67. What is fasting as prescribed by Islam?

Fasting is a form of training to refrain from all wrong-doing by learning to control one's desires. It consists of giving up, for a fixed period of time, the most basic urges which human beings have, i.e. the urge to satisfy hunger, thirst and sexual desire, and devoting oneself to serving and helping others while disregarding one's own needs.

68. How is fasting done in Islam?

During the month known as Ramadaan in the Islamic calendar, every day from the start of daylight in the early morning till sunset, one must not eat or drink (or have sexual relations). You take a meal while it is still dark just before dawn breaks, and then do not eat or drink anything at all until sunset when the fast ends. During the hours of fasting, extra effort must be made to be kind, generous and helping to others, and to avoid doing anything bad or harmful to other people.

69. Does every Muslim have to fast in Ramadaan?

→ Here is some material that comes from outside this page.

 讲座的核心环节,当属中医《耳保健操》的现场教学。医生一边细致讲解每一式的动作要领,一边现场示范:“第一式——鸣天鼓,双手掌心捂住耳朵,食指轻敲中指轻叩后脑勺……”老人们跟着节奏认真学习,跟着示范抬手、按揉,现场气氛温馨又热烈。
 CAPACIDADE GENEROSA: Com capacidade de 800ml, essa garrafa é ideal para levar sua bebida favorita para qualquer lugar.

Every healthy adult Muslim man or woman must fast during Ramadaan. Those who happen to fall ill or be on a journey during any part of this month do not have to fast on those days and should complete the missed fasts after Ramadaan. People who are permanently unable to fast, or those whose reasons for not fasting are prolonged, such as the very old, the long­term ill, and women who are pregnant or feeding babies, etc., can give in charity instead of fasting. This charity consists, at the least, of giving a day's food to one poor person for every fast missed.

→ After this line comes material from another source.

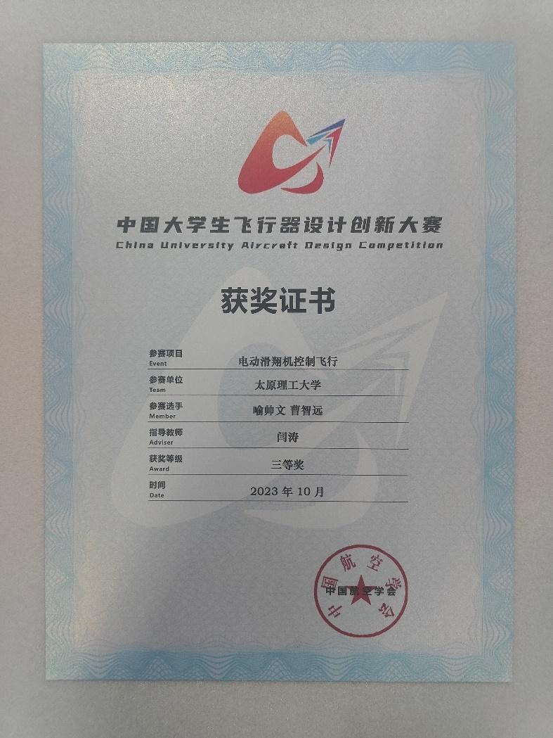 2023年中国大学生飞行器设计创新大赛总决赛于10月初在河北省定州市举行。yl6809永利集团航模协会在yl6809永利集团与创新创业学的大力支持,教师闫涛、王菡的指导下,首次正式参加该赛事。用近半年时间的进行了设计、制作、试验、飞行训练等准备,参加了创新载重飞行、限时载运飞行、固定翼无人机对地侦查与打击、电动滑翔机控制飞行等四个项目的比赛,并获得了电动滑翔机控制飞行全国三等奖的佳绩。

70. How does fasting enable us to give up the bad desires which lead to wrong-doing?

During the fast, a person feels the urge to have something to eat or drink, but he withstands this strongest of all desires, in obedience to God. This daily training, for a month, exercises and strengthens his ability to control bad desires in everyday life which lead to wrong-doing. This is just as physical exercise strengthens the body, and enables it to fight off illness more easily.

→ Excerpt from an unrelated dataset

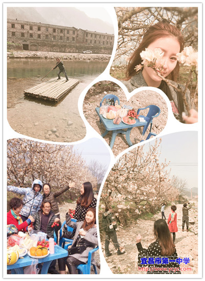 听着春天纷飞飘动的絮语,老师们聚在一起吃着精致的时令蔬果,划着竹筏,好不惬意!
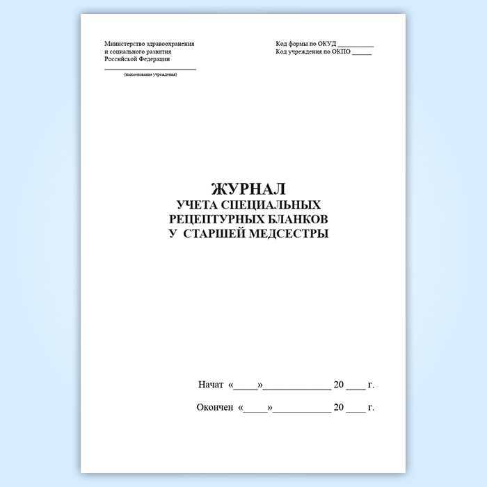 Журнал учета специальных рецептурных бланков у старшей медсестры в Сургуте купить

71. Are there any other moral benefits of fasting?

Yes. Firstly, man is drawn closer to God because when he feels hungry or thirsty during the fast it is the thought of the nearness of God which stops him from satisfying his desires. This makes him feel that God is always near at hand. Secondly, fasting teaches one to be patient and resolute in difficulties, for that is what one does during the fast. Thirdly, it makes us realize the great blessings of food and drink which are so easily available, but which we normally take for granted. Fourthly, it curbs the feelings of greed that develop in people when they have all that they need, and even more.

72. And what does fasting teach us about how to treat other people?

It makes us realize the suffering and the feelings of those who are deprived and destitute. A very important purpose of fasting is to learn to care about the needs of other people by being less concerned with oneself. This is why charitable acts of all kinds are especially encouraged during the month of fasting. By giving up your right to consume your own food and drink during the fast, you train yourself to be able to give up something that is rightfully yours, voluntarily and cheerfully, in order to help and serve others.